3. The speaker identification system according to claim 2, wherein the accompanying information storage means further stores second specifying information for specifying a user as accompanying information. When the result of the collation indicates that they are not similar, the confirmation means instructs the user to input the second specifying information, and the user inputs the second specifying information. At this time, the confirmation means is stored in the associated information storage means in association with the second identification information input by the user and the identification information input from the identification information input means. A speaker identification system characterized by collating with second identification information to confirm whether or not the user is an authorized user.

4. The speaker identification system according to claim 1 or 2, wherein the confirmation means is a result of the collation,
When it is determined that they are not similar, the user is presented with a plurality of dummy identification information including the correct second identification information, and the user is allowed to select one of them. A speaker identification system characterized by being present.

5. The speaker identification system according to claim 2, wherein the attendant information storage means stores a user's telephone number as attendant information, and the confirmation means follows the user's telephone number. A speaker identification system characterized by making a telephone call.

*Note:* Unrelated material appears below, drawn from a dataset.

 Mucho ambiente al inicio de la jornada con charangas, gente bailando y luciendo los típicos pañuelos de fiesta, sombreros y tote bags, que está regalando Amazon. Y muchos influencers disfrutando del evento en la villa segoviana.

6. The speaker identification system according to claim 5, wherein when the confirmation unit calls the user by telephone, if the user is in a call, it is determined that the user is an authorized user. A feature speaker identification system.

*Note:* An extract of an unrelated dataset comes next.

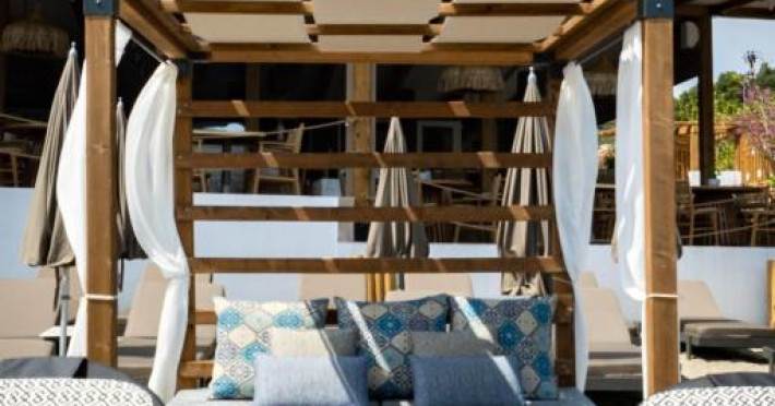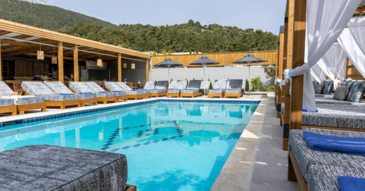 Plaja cu nisip fin din Megali Ammos se află la doar cațiva pași de hotel, iar piscina infinity oferă o alternativă elegantă pentru răcorire. Oaspeții se pot bucura de centrul spa cu tratamente tradiționale grecești și de lounge-ul cu vedere panoramică. Orașul Skiathos, cu tavernele și magazinele sale pitorești, este ușor accesibil, făcand din Skiathos Theros o alegere excelentă pentru o vacanță grecească autentică.

7. The speaker identification system according to claim 1, wherein the voice of the current user is reproducible when the result of the confirmation does not confirm that the user is an authorized user. A speaker identification system characterized in that a voice storage means for storing is further provided.

8. The speaker identification system according to claim 1 or 2, wherein if the result of the confirmation is that the user is not a legitimate user, the video of the current user can be reproduced. A speaker identification system, further comprising a video storage means for storing.

9. When the specifying information for specifying the user is input and the voice of the speaker is input, the characteristics of the input voice of the speaker and the input specific information are associated in advance. A speaker identification method characterized by performing matching whether stored voice characteristics are similar or not, and as a result of the matching, confirming to the user when it is determined that they are not similar. .

10. The speaker identification method according to claim 9, wherein when the result of the collation indicates that they are not similar, the user is instructed to input the second specifying information, and the user specifies When the second specifying information is input, the second specifying information input by the user is collated with the second specifying information stored in advance corresponding to the specifying information. , A speaker identification method characterized by confirming whether the user is an authorized user or not.

11. The speaker identification system according to claim 9, wherein when the result of the collation indicates that they are not similar to each other, a plurality of dummy identification information including correct second specifying information is presented to the user. A speaker identification method characterized by presenting identification information and allowing a user to select one of them.